--- What you need to do ---
Output, word for word, the line that contains "(ص) حَدَّثَنَا عُثْمَانُ" and all lines following it to the end of the listing. Drop the pictures.

--- Information supplied ---
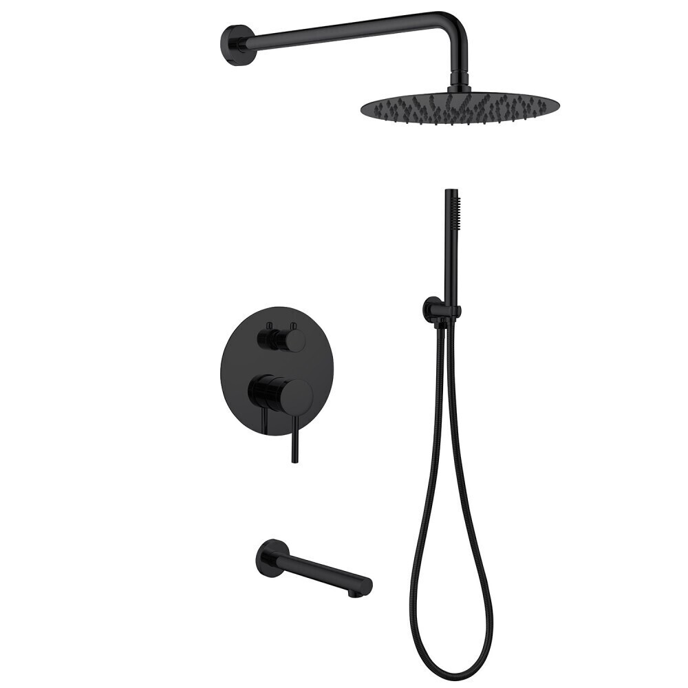 Душевая система Abber Emotion встраиваемая с верхним душем с лейкой со смесителем черная матовая (AF8817B)
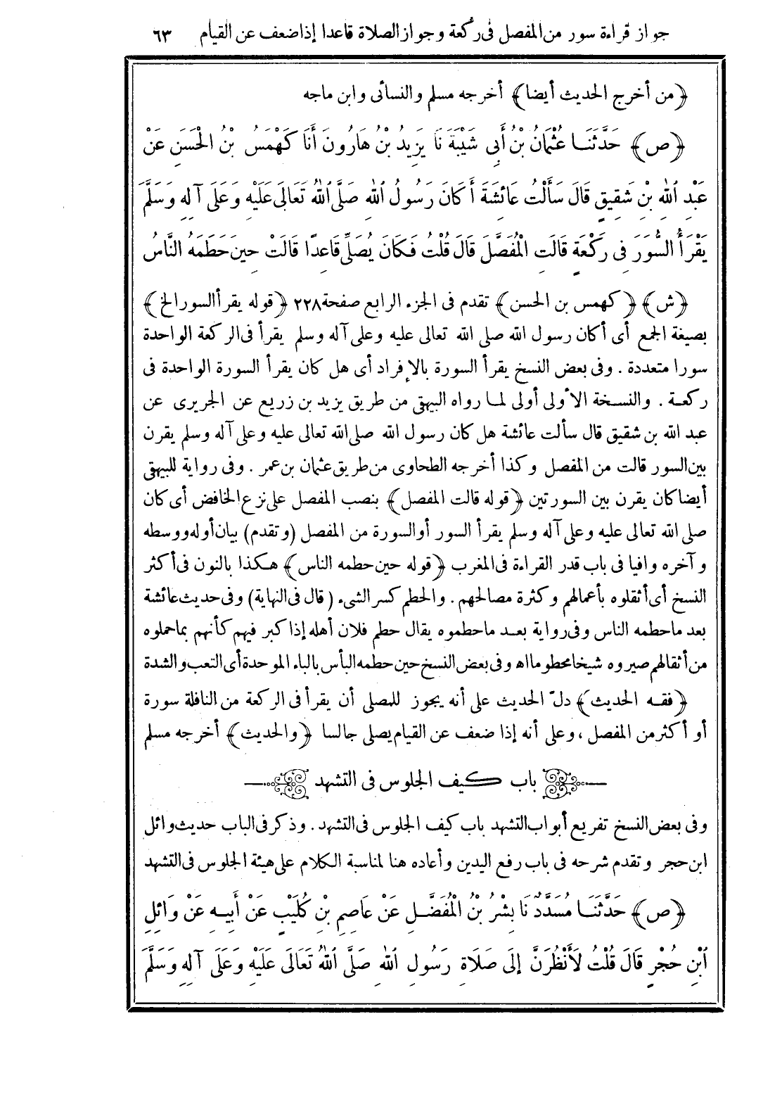 (ص) حَدَّثَنَا عُثْمَانُ بْنُ أَبِي شَيْبَةَ نَا يَزِيدُ بْنُ هَارُونَ نَا كَهْمَسُ بْنُ الْحَسَنِ عَنْ عَبْدِ اللَّهِ بْنِ شَقِيقٍ قَالَ سَأَلْتُ عَائِشَةَ أَكَانَ رَسُولُ اللَّهِ -صلى الله عليه وسلم- يَقْرَأُ السُّورَةَ فِى رَكْعَةٍ قَالَتِ الْمُفَصَّلَ. قَالَ قُلْتُ فَكَانَ يُصَلِّي قَاعِدًا قَالَتْ حِينَ حَطَمَهُ النَّاسُ.
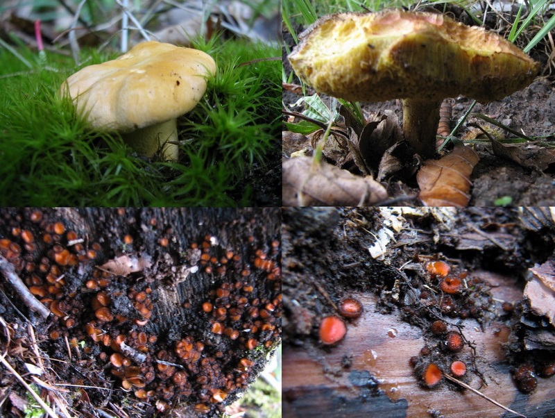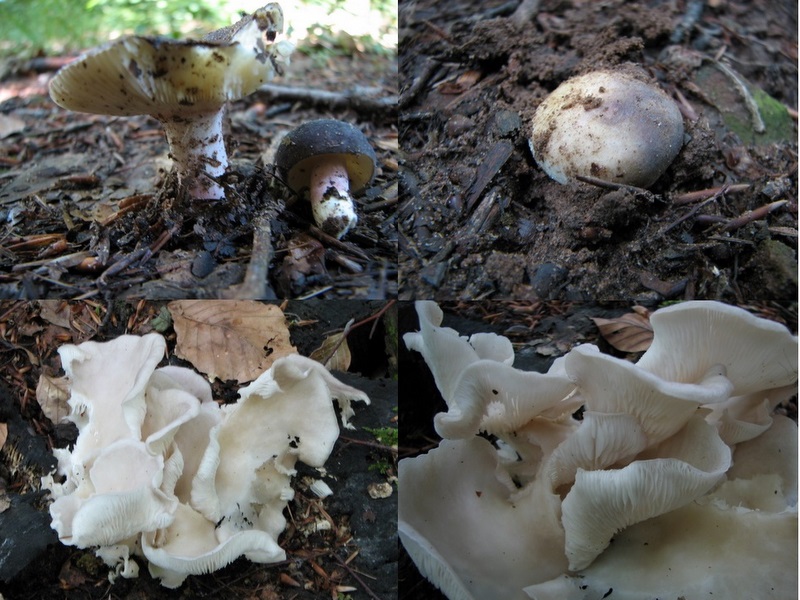 Dann unbestimmte Täublinge auf dem Weg und etwas im Gebüsch versteckte Austernseitlinge auf einem Stuppen.

--- Worked solution ---
 (ص) حَدَّثَنَا عُثْمَانُ بْنُ أَبِي شَيْبَةَ نَا يَزِيدُ بْنُ هَارُونَ نَا كَهْمَسُ بْنُ الْحَسَنِ عَنْ عَبْدِ اللَّهِ بْنِ شَقِيقٍ قَالَ سَأَلْتُ عَائِشَةَ أَكَانَ رَسُولُ اللَّهِ -صلى الله عليه وسلم- يَقْرَأُ السُّورَةَ فِى رَكْعَةٍ قَالَتِ الْمُفَصَّلَ. قَالَ قُلْتُ فَكَانَ يُصَلِّي قَاعِدًا قَالَتْ حِينَ حَطَمَهُ النَّاسُ.
 Dann unbestimmte Täublinge auf dem Weg und etwas im Gebüsch versteckte Austernseitlinge auf einem Stuppen.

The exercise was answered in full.